The three seamlessly interwoven stories are centered around the aftermath of a police shooting of a Darius Larson. Stand-by observer Manny (Hamilton, A Star Is Born) who happens to be on the scene, records the whole thing on his phone and later uploads it online bringing national attention on the case, the cautious Dennis (John David Washington, BlacKKKlansman) a cop in the same precinct and a young-high-school athlete Zyrick (Kelvin Harrison Jr.) who is galvanized by the story, after being stop-searched himself by the police.
Monsters and Men has a unique and soft if matter-fact approach that underlies something truly poignant. Green turns his full attention on the inner psyche of the three protagonists, which not also provide great character portrayals but also examines the impact of an unjust action, such as the shooting, on their emotional state and juxtaposes it with each individuals background and personal motivation which leads to each one of them behaving accordingly.
We had the pleasure speak to Green a few weeks back to tell us more about his film….
Where do we find you at the moment?
The film is in select theatres now in the US and coming out January 18th. I’m here in the UK for promo but I am also here editing a show for Netflix called Top Boy. It used to be a Channel 4 series. The first season was directed by Yann Damange. It went off the air about 5-6 years ago. They are bringing back now with Drake and LeBron James’s company Spring Hill.
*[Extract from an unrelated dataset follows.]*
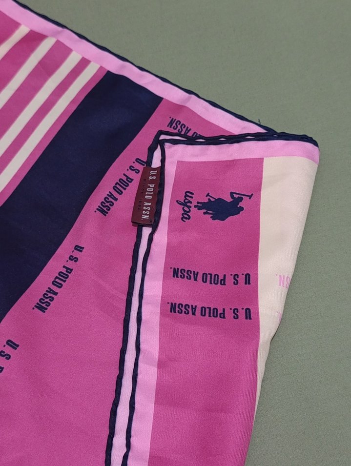Pembe "U.S. POLO ASSN." yazılı eşarp temiz kullanılmıştır orjinal resimde mevcut
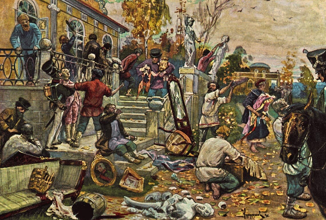 В 1812 г. сильно опасались бунта крепостных. В Петербурге по поводу предполагаемого выезда из столицы министерств были высказаны такие соображения: «Всякому известно, кто только имеет крепостных служителей, что род людей сих обыкновенно недоволен господами». Если правительство вынуждено будет «оставить столицу, то прежде, нежели б могло последовать нашествие варваров, сии домашние люди, подстрекаемые буйными умами, без всякого состояния и родства здесь живущими, каковых найдется здесь весьма довольно, в соединении с чернью все разграбят, разорят, опустошат» Что в Москве некоторые крепостные возлагали надежду на освобождение с пришествием французов, видно из следующего дела. Петр Иванов, дворовый человек комиссионера комиссариатского департамента Серебрякова, встретился 22 марта 1812 г. с дворовым помещика Степанова, Медведевым, и стал жаловаться ему на своих господ, говорил, что хотел бы бежать или как-нибудь от них избавиться. Медведев возразил: «Погоди немного, — и так будем все вольные: французы скоро возьмут Москву, а помещики будут на жаловании». Иванов, услышав это, сказал: «Дай Бог, нам тогда лучше будет». Он сообщил важную новость другим дворовым и начал оказывать некоторое неповиновение своему господину. Когда об этом случае узнал секретный комитет, учрежденный 13 янв. 1807 г., которому велено было сообщать о всех делах «по важным преступлениям» и измене против «общего» спокойствия и безопасности», он предписал московскому главнокомандующему Гудовичу «усугубить при теперешних обстоятельствах полицейский надзор во всех тех местах, где народ собирается, в особенности ж по питейным домам, трактирам и на гуляньях, и иметь бдительное внимание к разговорам и суждениям черни, пресекая всякую дерзость и неприличное болтанье в самом начале и не давая отнюдь распространяться», а петербургскому главнокомандующему Вязмитинову, управлявшему тогда министерством полиции, поручил обратить особенное внимание на выходящие в свет «сочинения о предметах политических» и на журналы и другие «периодические листочки». Гудович отвечал, что деятельность полицейского надзора в Москве «доведена до совершенства.... Между благородными и иностранцами есть особливые секретные наблюдатели, почитаемые за их друзей, а равномерно по всем трактирам, шинкам и другим народным сборищам, где бдительнейшее они имеют внимание ко всяким разговорам и суждениям»... Генерал Н.Н. Раевский писал в конце июня 1812 г.: «Я боюсь прокламаций, чтобы не дал Наполеон вольности народу, боюсь в нашем краю внутренних беспокойств». Есть свидетельство, что Наполеон вел разговор с крестьянами о свободе. В Москве он приказал разыскивать с большим старанием в уцелевших архивах и частных библиотеках все, что касалось Пугачевского бунта: особенно желали французы добыть одно из последних воззваний Пугачева. Писались даже проекты подобных манифестов. В разговоре в Петровском дворце с г-жею Обер-Шальме, владетельницей очень большого магазина в Москве женских нарядов, дорогих материй, севрского фарфора и проч., Наполеон спросил ее: «Что вы думаете об освобождении русских крестьян?» Она отвечала, что, по ее мнению, «одна треть их, быть может, оценила бы это благодеяние, а две другие не поняли бы даже, что им хотят сказать». — «Но разговоры, по примеру первых увлекли бы за собою други

It’s a ten-part Netflix series. I’m pretty excited!
Can you tell us behind the impetus behind Monsters and Men?
I made a short film in 2014 called Stop. It was 9-minute short that premiered at Sundance. The short is the third segment that you see in Monsters and Men. About a teenage boy who comes home from practice and gets stopped and frisked by the police. In that short, I cast a cop friend of mine who we grew up together. At one point when we were hanging out, we ended up talking about a video tape of police brutality, specifically the Eric Garner case, we are both from Staten Island. One thing led to another, I discovered we had a different take of the same incident. That encounter was the one that ended becoming the dinner scene in the film.
It was weird as I never thought of expanding the short into a feature. Somehow that conversation led me to the idea of perspective, which led me to the triptych, which then led me to look at the short and look at what’s good about it and turn it into a feature. That conversation gave me the pathway to where we are now.
Can you tell us about the casting process?
Lots of different ways. When I first set out, I thought I was going to make it for no money. I was going to put it on my credit card. Like the typical first time feature where nobody is going to give you any money, especially for a film that is about a social issue. I was actually thinking ‘f I made my short for 500 bucks. I was doing maths like 9 minutes is 500 bucks, 90 minutes would be (laughs)…
In the writing process we started getting lucky. Applying for various grants and funds, cobbling together money as it was coming in, like the: Tribeca Film Festival Fund, Spike Lee fund, San Francisco Film Society…. we got like 60 grand in funds. We were able to then a casting director, Amy Hoffman whose done huge movies. We weren’t able to afford her rate, but she was keen to get involved started us up for a few weeks, get few actors involved and build momentum.
So, a casting director would make it appealing for other actors to get involved?
Yes thats right. I also have an agent, Greg Christel at WME, so we used his leverage there. They introduce me to loads of people, like John David Washington who they also manage as well as helped the film to get under the radar of some of the actors in the early stages.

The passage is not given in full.